Figure 1: Typical Raman spectra for two random samples. The magnification on the right highlights the different high and low values for collagen cross-link (CCL) for the two samples.

The mechanical testing was performed in dry condition on a custom-made stage equipped with a three-axis manual positioning device. The stage was fixed on a CLSM confocal microscope (LSM 510, Carl Zeiss MicroImaging GmbH, Germany). A rounded loading tip (radius = 0.1 mm) and two supports (span lengths = 0.53 mm) were used for the three-point bending test. The tensile tests employed a custom clamping mechanism at the embedded extremities of the trabecula, which allowed for the alignment of the trabecula by means of a high-magnification digital camera (Dino-Lite AD7013MTL, AnMo Electronics Corporation, Hsinchu, Taiwan) and for the application of the force along its axis. A stepwise strain-locked loading protocol was implemented, and after the measurement of the dimensions of the samples, each load step was estimated to apply a maximum strain step of approximately 0.2%, with an estimated constant strain rate <0.001 s−1, in order to eliminate the effect of creep. Each sample was loaded until failure. The surface strain at each loading step was optically measured by acquisition of a three-dimensional stack of the trabecular surfaces where a random pattern of fluorescent microspheres (diameter: 6 μm, Fluoresbrite Yellow Green (YG), Polysciences, Inc., Warrington, Pennsylvania, USA) was deposited [38]. Finite element analysis implementing a Voce exponential nonlinear model [39] was subsequently used to calculate the intrinsic mechanical properties of each sample. The analyzed parameters were the elastic modulus , yield stress and strain , ultimate stress and strain , elastic work (EW), and postyield work (PYW).

2.2. Statistical Models

All statistical tests were conducted with SPSS Statistics 20 (IBM SPSS Statistic, Version 20, IBM Corporation, New York, USA).

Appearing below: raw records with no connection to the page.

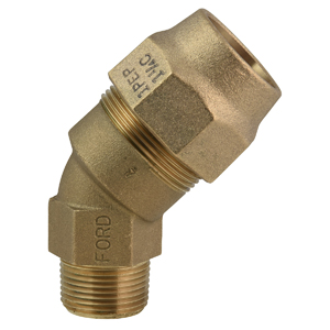 ELL, 45 DEG. - NO LEAD 1" MALE IRON PIPE THREAD by 1" PE PIPE GRIP JOINT |
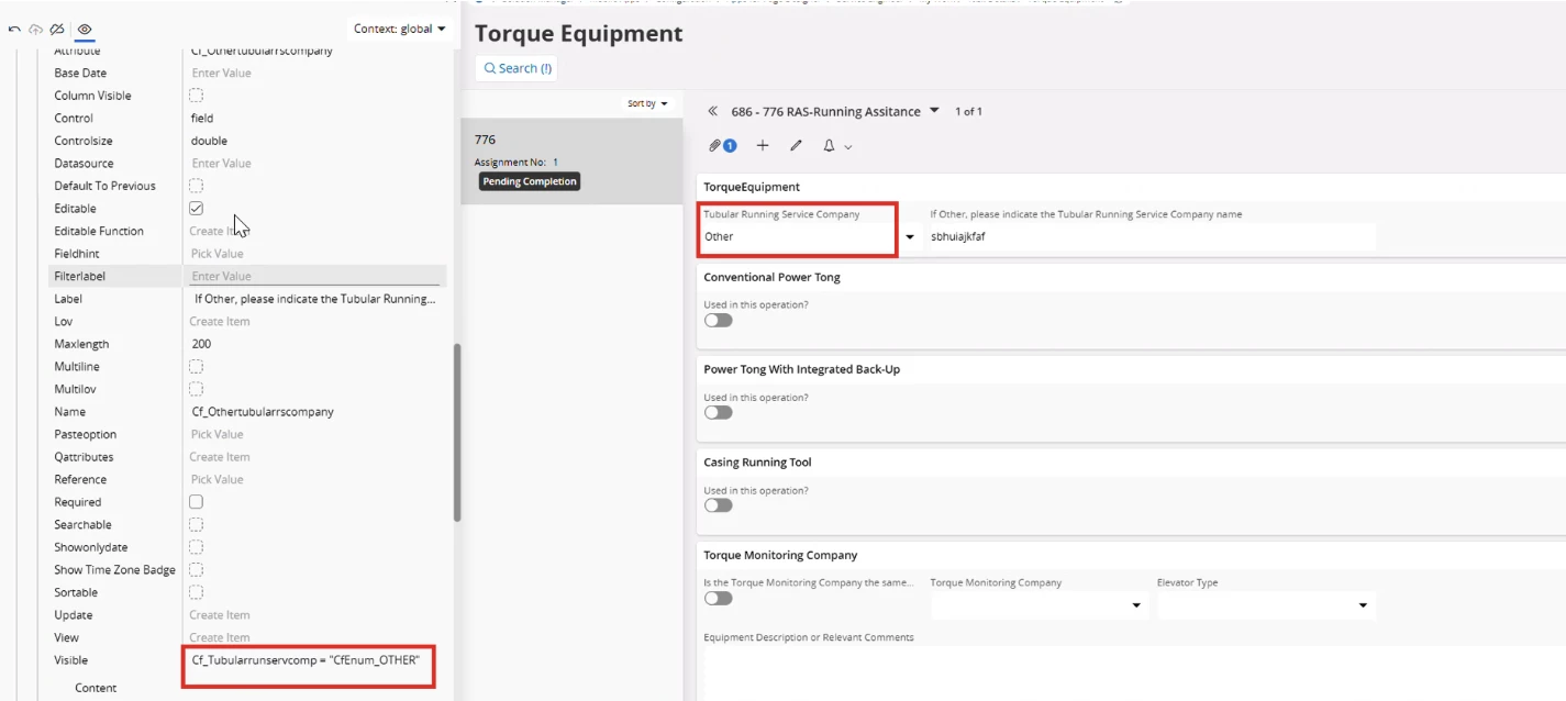 Ex: make the text field visible only if the LOV value in ‘Other’.
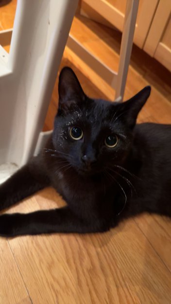 Sort hannkatt (innekatt) på ett år klarte å komme seg ut for første gang. Ikke kjent i området men kjenner forhåpentligvis lukten her og kommer hjem.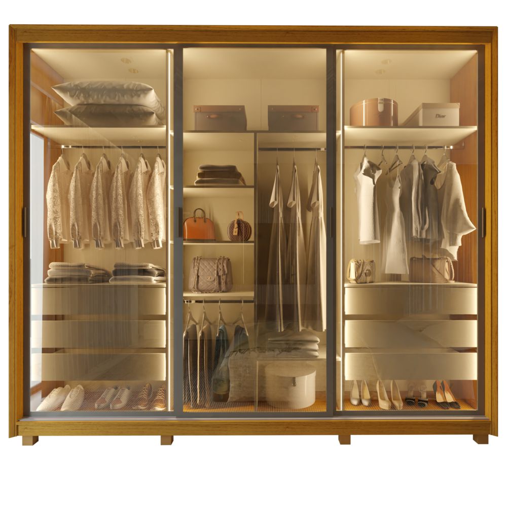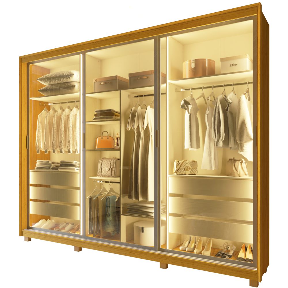 O Roupeiro Platinum 3P da Gelius Móveis é a combinação perfeita entre inovação, design e funcionalidade para o seu quarto. Produzido 100% em MDF, este móvel traz um visual moderno e sofisticado com portas deslizantes em vidro Reflecta, acabamento com requadro em alumínio e iluminação em LED de cor quente nas laterais e divisórias, valorizando ainda mais o ambiente.

Linear regression analysis was implemented to identify the statistically significant relationships and to verify whether the structure of the collagen fibers and the bone matrix composition have a significant relationship with ultimate properties. A total of 4 material parameters and 7 mechanical parameters were analyzed [33], and the tensile and bending groups were analyzed separately. In both groups, the relationship between the mechanical and material parameters was evaluated with linear regression analysis for the two donors separately. A covariate model was applied to test whether the two regression slopes and intercepts of each donor were significantly different, in both tensile and bending groups.

Hierarchical multivariate regression analysis was used to investigate the extent to which each of the material parameters from both donors independently contribute to the variance in the ultimate properties. The ultimate strain was used as the dependent variable, and TMD, CPR, CCL, and MMR were entered stepwise as independent variables, beginning with the variable with the highest Pearson correlation coefficient. The model included all variables that were significantly correlated with the dependent variable.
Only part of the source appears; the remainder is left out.